When applying a duty cycle to a lamp, it can be ensured that the lamp burns less brightly. This is applied, among other things, to taillights, where one lamp can burn at two different strengths, namely for normal lighting and the brake light. In normal lighting, the lamp burns weakly (here a duty cycle is applied to limit the current through the lamp). At the brake light, the lamp will change the duty cycle so that the lamp burns brighter.

The image shows a rear light of a BMW 5-series, where the left lamp of the rear light also functions as a brake light by making it burn more brightly.

Measuring on a duty cycle:
The duty cycle can be measured with an oscilloscope. The oscilloscope will graphically display the voltage trend over time.

When a duty cycle is measured with a multimeter, the correct voltage value will never be displayed. Since the voltage varies constantly with a duty cycle, the multimeter will indicate the average voltage because it is too slow.

Duty cycle with a plus circuit:
In the image below is a waterfall diagram with the plus of the battery (12 volts) at the top, followed by the fuse, the ECU (the electronic switch), the consumer (in this case a lamp) and finally the ground. The ECU constantly switches the power supply on and off.
The oscilloscope measures the voltage between the plus of the lamp and the ground of the vehicle. The oscilloscope settings are as follows: 2 volts per division and 5 milliseconds per division. That means that each square from bottom to top is 2 volts, so when the squares of the ascending line are added up (6 pieces in total), the highest voltage measured is 12 volts.
The duration is from left to right. Each box (division) is set to 5 milliseconds. Looking from left to right, the line is 10 milliseconds high and 10 milliseconds low.

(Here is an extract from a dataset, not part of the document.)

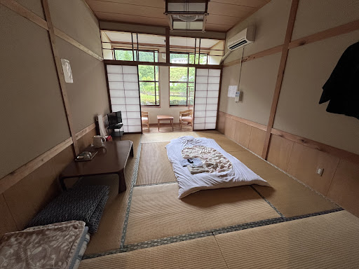 Read moreThis place used to be a school in the past, they managed to change their clasrooms into amazing tatami rooms! They offer you a yukata so you can use for dinner, if it gets too cold, you can pay 100 yen to turn on the heater, they have laundry machines and a very nice bath. I used it right after I arrived (13:00) and only shared it with one lady. There is no WiFi in any room but the living room and sometimes it doesn’t work. They clearly labeled my food with "vegan" but they served miso soup with fish :( But the rest of the dinner was good. Also If you're vegan, I reccomend you to bring vegan protein or buy some onigiris because breakfast is just salad and fruits for anyone with a plant based diet. This is the most difficult and demanding day of the hike, so luckily I had my emergency protein with me. Lunch box was okay. If you get there early, you can enjoy your afternoon on the field, where you can buy some coffee or beer. It was a great feeling walking out in the morning, ready to walk for the hardest day of the hike and having your staff playing the horn seashell for us. I felt powerful. Thank...

Just like with the multimeter, the oscilloscope measures the voltage difference between the positive and negative cables connected to the meter. If the lamp is switched on in the diagram below, the positive cable has a voltage of 12 volts and the negative cable (always) 0 volts because it is connected to ground. The difference between them is indicated by the meter; the difference between 12 volts and 0 volts is 12 volts. This 12 volt is displayed in the meter's display. When the duty cycle is high, the lamp is on. This is not the case with a ground connection. This is explained in the next section.

To determine the duty cycle, it is important to know what 1 period means. In a period, the voltage is once high and once low. After this period, the next period starts. In the scope image below, 1 period is marked in blue. This shows that the period lasts a total of 20 milliseconds, namely 10 ms high and 10 ms low. So it can be read that half of the time the voltage is high, and the other half is low. The duty cycle in this scope image is therefore 50%. In this case, the lamp burns weakly.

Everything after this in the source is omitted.